Facebook whistleblower Frances Haugen calls for urgent external regulation
Ex-employee tells UK MPs Mark Zuckerberg ‘has unilateral control over 3bn people’ due to his position
Last modified on Mon 25 Oct 2021 14.29 EDT
Mark Zuckerberg “has unilateral control over 3 billion people” due to his unassailable position at the top of Facebook, the whistleblower Frances Haugen told MPs as she called for urgent external regulation to rein in the tech company’s management and reduce the harm being done to society.
Haugen, a former Facebook employee who released tens of thousands of damaging documents about its inner workings, travelled to London from the US for a parliamentary hearing and gave qualified backing to UK government proposals to regulate social media platforms and make them take some responsibility for content on their sites.

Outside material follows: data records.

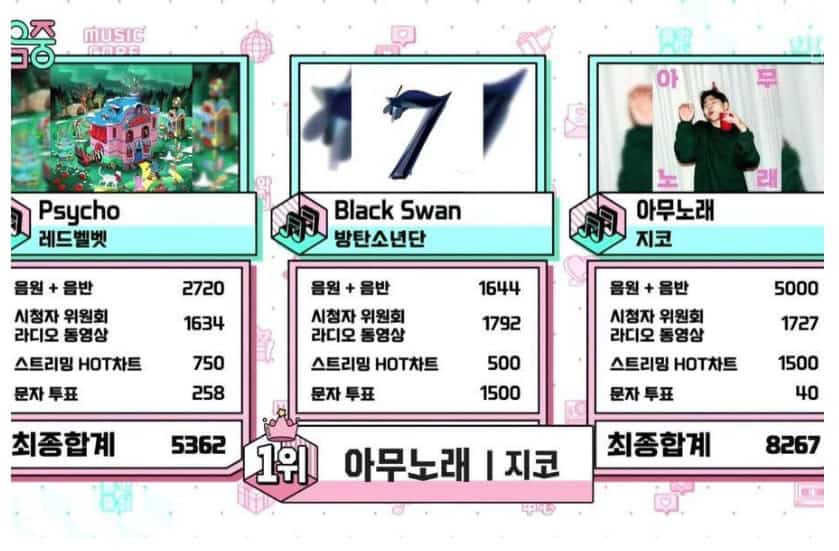 MBC’nin “Music Core” programının 1 Şubat bölümünde Red Velvet’in “Psycho”suna karşı BTS’in “Black Swan” ve Block B’den Zico’nun “Any Song”u yarıştı. Red Velvet 5,362 puanla 3. olurken, BTS 5,436 puanla 2. oldu.
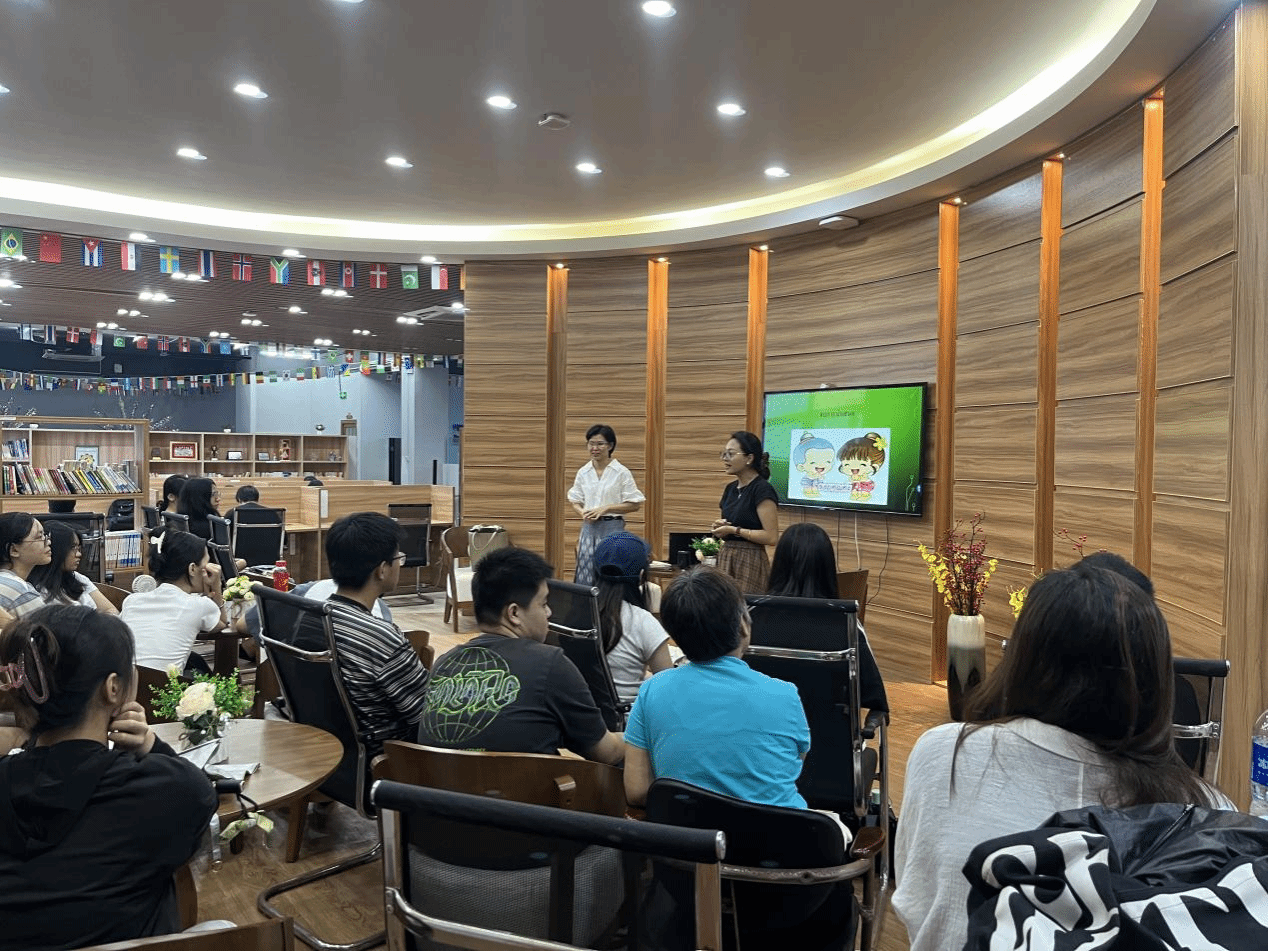 本期沙龙的主讲嘉宾是开云官网泰语外籍教师CHUTHARAT PHONCHOKKUNLAPHAT(昵称奈斯),以其独特的学术视角和丰富的文化积淀,将泰国语言文化中的中国元素徐徐展开。在奈斯老师的引领下,现场师生仿佛穿越时空,走进了泰语与中文交织的奇妙世界。她以泰语语言文字特点为切入点,细致剖析了泰语语音和声调的独特韵味,并巧妙揭示了随着语言的发展,泰语基本词汇的局限性促使中文借词应运而生。奈斯老师通过生动的实例,展示了泰语中那些源自广州潮汕、福建闽南的语言宝藏,让在场的每一个人都为之惊叹。
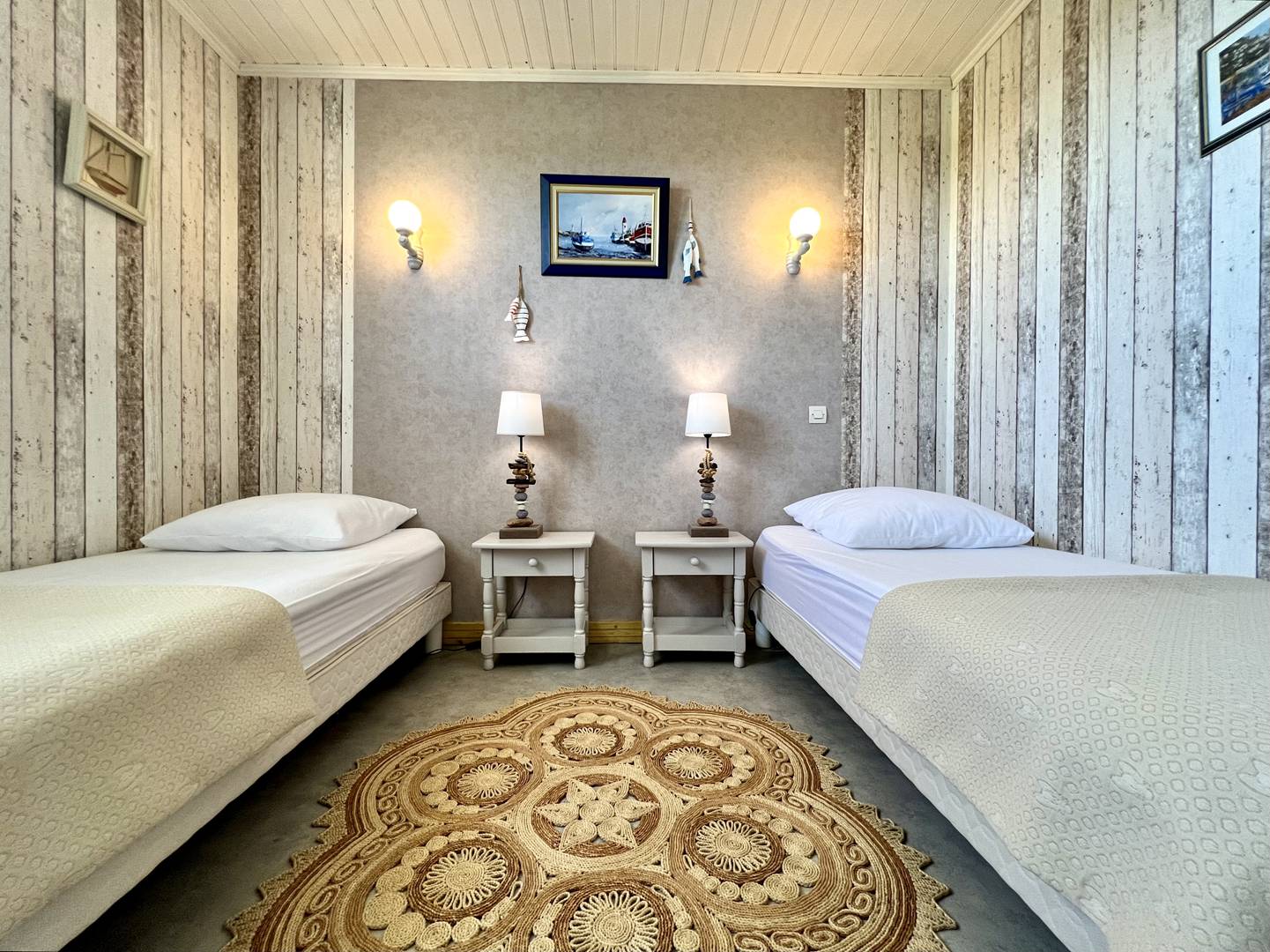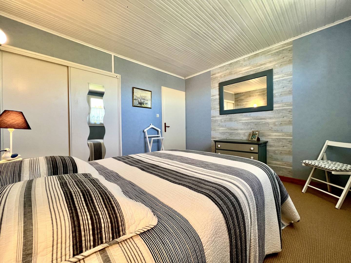 À l'étage, une première chambre composée de deux lits simples (90x2) avec une armoire. La deuxième chambre est composée d'un lit deux couchages (140), ainsi que d'une commode et d'un dressing. La troisième chambre est composée d'un lit deux couchages (160), d'une télévision, d'une commode et d'un dressing. La salle de bain est composée d'une baignoire ainsi que d'un meuble double vasque avec un large miroir.
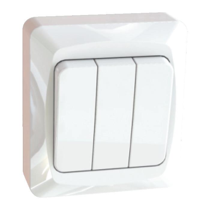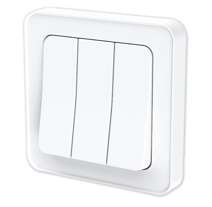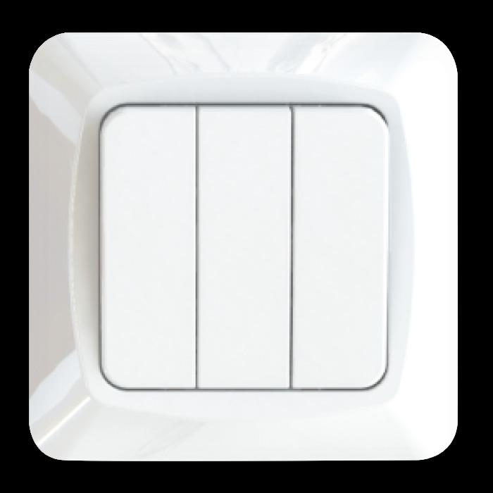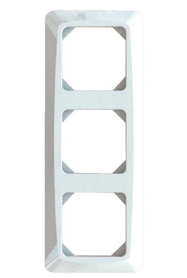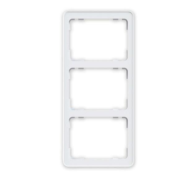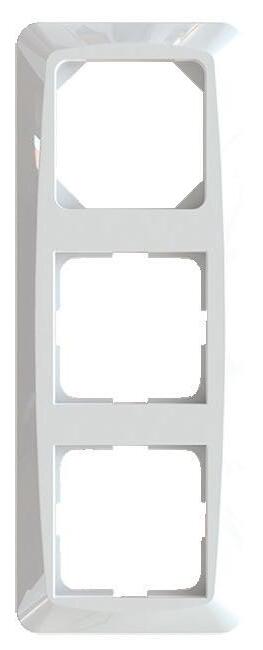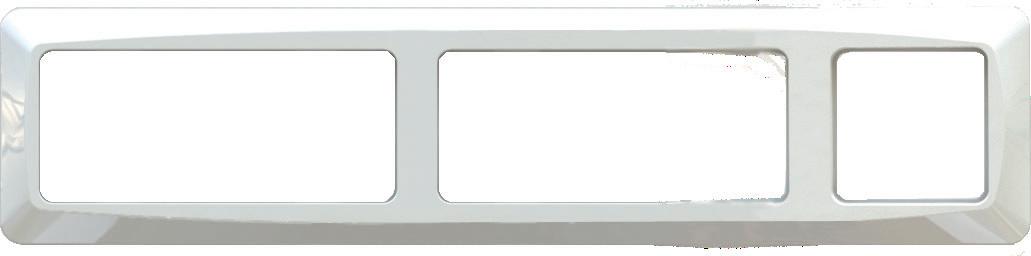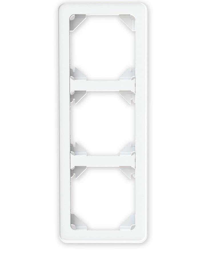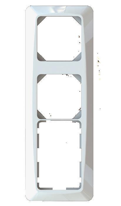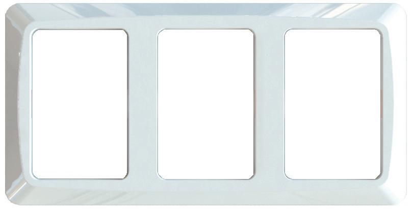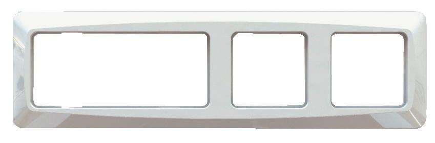 3-way combination frame fitting two standard-sized sockets/ switches and one RS16-sized. Designed for recessed installation or use with wall casings of matching size.

The company’s internal culture prioritised profitability over its impact on the wider world, said Haugen, and “there is no will at the top to make sure these systems are run in an adequately safe way”. She added: “Until we bring in a counterweight, these things will be operated for the shareholders’ interest and not the public interest.”
She warned that Instagram, which is owned by Facebook and used by millions of children worldwide, may never be safe for pre-teens.
Addressing a group of MPs and peers on Monday, Haugen said much of the blame for the world’s increasingly polarised politics lay with social networks and the radicalising impact of services such as Facebook Groups.
These can encourage small and intense communities that breed conspiracy theories, she said. “I am deeply concerned that they have made a product that can lead people away from their real communities and isolate them in these rabbit holes and these filter bubbles. What you find is that when people are sent targeted misinformation to a community, it can make it hard to reintegrate into wider society because now you don’t have shared facts.”
Amid growing concerns about the impact of Instagram on the mental health and body image of teenagers, Haugen said Facebook’s own research likened the app’s young users to addicts who feel unable to step away from a service that makes them unhappy.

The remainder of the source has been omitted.